The thing is life rarely gives us what we want, but will always give us what we NEED. It is all happening FOR us even though it feels like it is happening to us. I believe that we each have individual purposes, that we were designed for a purpose and that life supports us in fulfilling them. We also have free choice. It is my greatest desire to live up to my innate potential, above all things. You could say it is my highest value. So life really delivered me a gift. When this all happened, when life as I knew it burned to the ground, I chose to step up. I chose to believe it was all happening for me. I chose to look for the good. I chose to allow it to make me better rather than bitter. I chose to be a victor rather than a victim. I chose to be grateful. I chose to be hopeful. I could have chosen the opposite. Sadly many people do. Though I am proud to be a part of a movement that demonstrates how the very thing that appeared like it would destroy us, actually can liberate us.
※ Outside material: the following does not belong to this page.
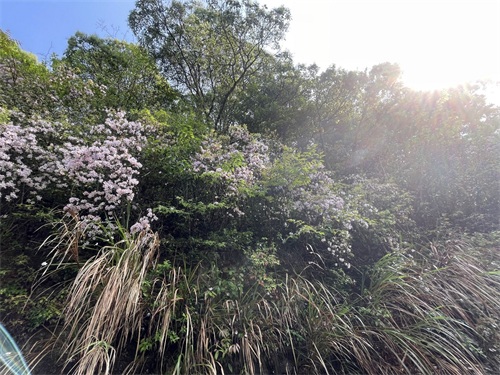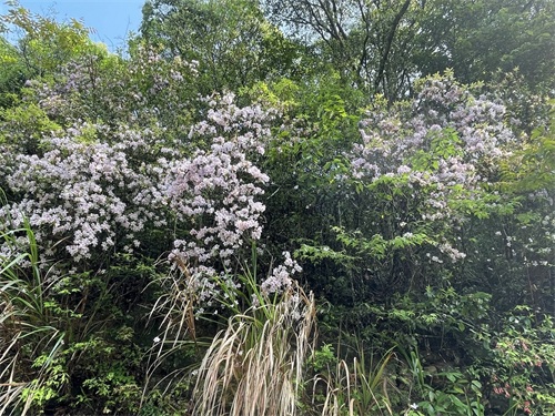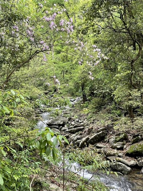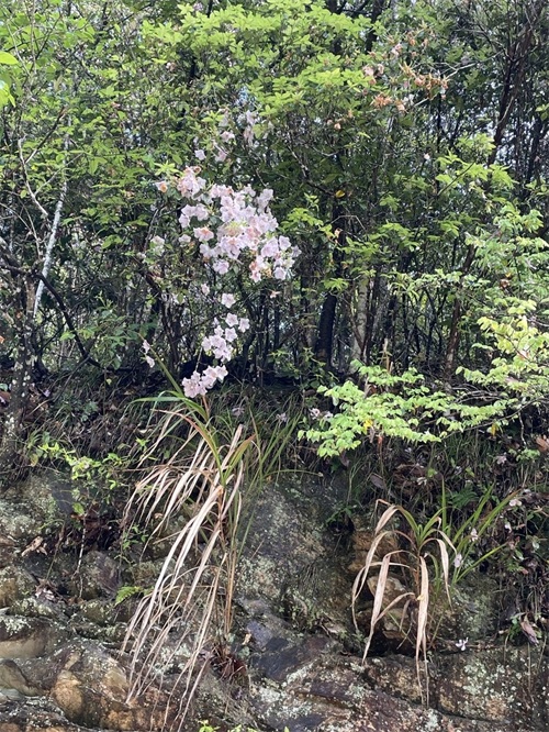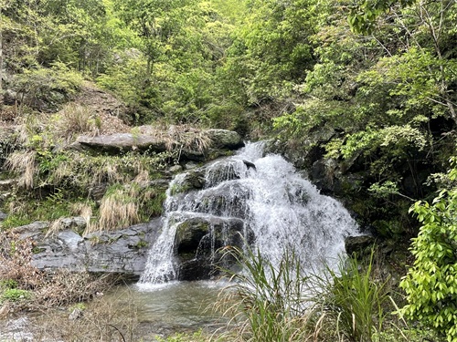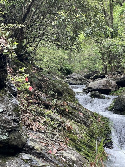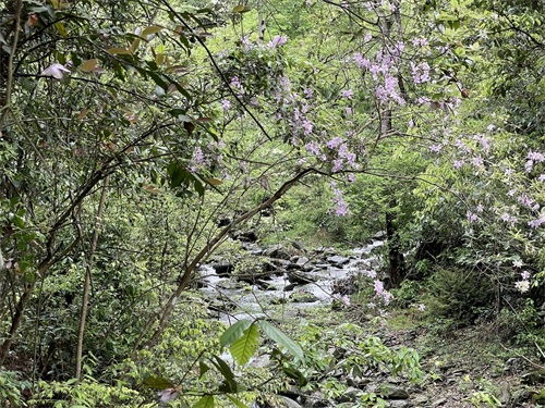 五:离开柯村,沿着Y025向北的线路,就是通向新四军军医院的通道一路骑行,快到目的地的一个小桥处右拐,再次进入深山之中,这条路叫Y021,一直通向美溪河大河口,交界处是一个大型的石拱桥。这条路是今天的福利,一路上大大小小的几十条瀑布从山林的奔流而出,沿路都是瀑布激扬清越的声音;快到终点时,进入高潮,一个大型的瀑布出现眼前,瀑布水流湍急,奔越山林而下,而瀑布出自的山林峡谷,清幽雅致,让人留恋不舍。更加叫人叫绝的是,溪流边上总会有那么一株或者两株,或是深红,或是浅紫的杜鹃花在溪水边绽放,如果美妙的仙女在溪流边凝神,那一份宁静的艳丽、优雅、柔和而又不失热烈,给人无尽的遐想。

We are all living below what we are capable of. That is human nature. We haven’t even scratched the surface of what is possible. When we are called to life altering circumstances, we can choose to answer the call. Grit is a choice. And grace is always found in each individual moment. We never receive strength for the entire journey all at once. We choose it moment by moment. During the journey, there were many moments when I didn’t think I could go on. I wasn’t willing to end my life because that would mean quitting, and like I said, quitting is my greatest fear. However, I did ask God to have mercy on me by taking me out of the game Himself. He didn’t, and I thank Him every day for it. If only I could share with you what a sunset feels like to my soul. I carry deep scars with me, and I’m grateful for it, because I never take for granted the sanctity of life. There was a time when I needed all of the lights off and black out shades on my window. Light was just too great a contrast to the darkness that I felt. Now, I dance in the rays of the sun and salute the One who paints the skies. I have created the Phoenix Perspective to share with you how the fire is our friend, how if we allow it to, it can free us. Obviously the hope is that none of you experience pain and loss this extreme, however in pain, there is no comparison. Pain is pain. Pain and loss are guaranteed in life. We all experience it and we all struggle with it. I just seek to provide some context to it. To allow it to burn a little less hot, and to assign meaning and yes, even beauty to it.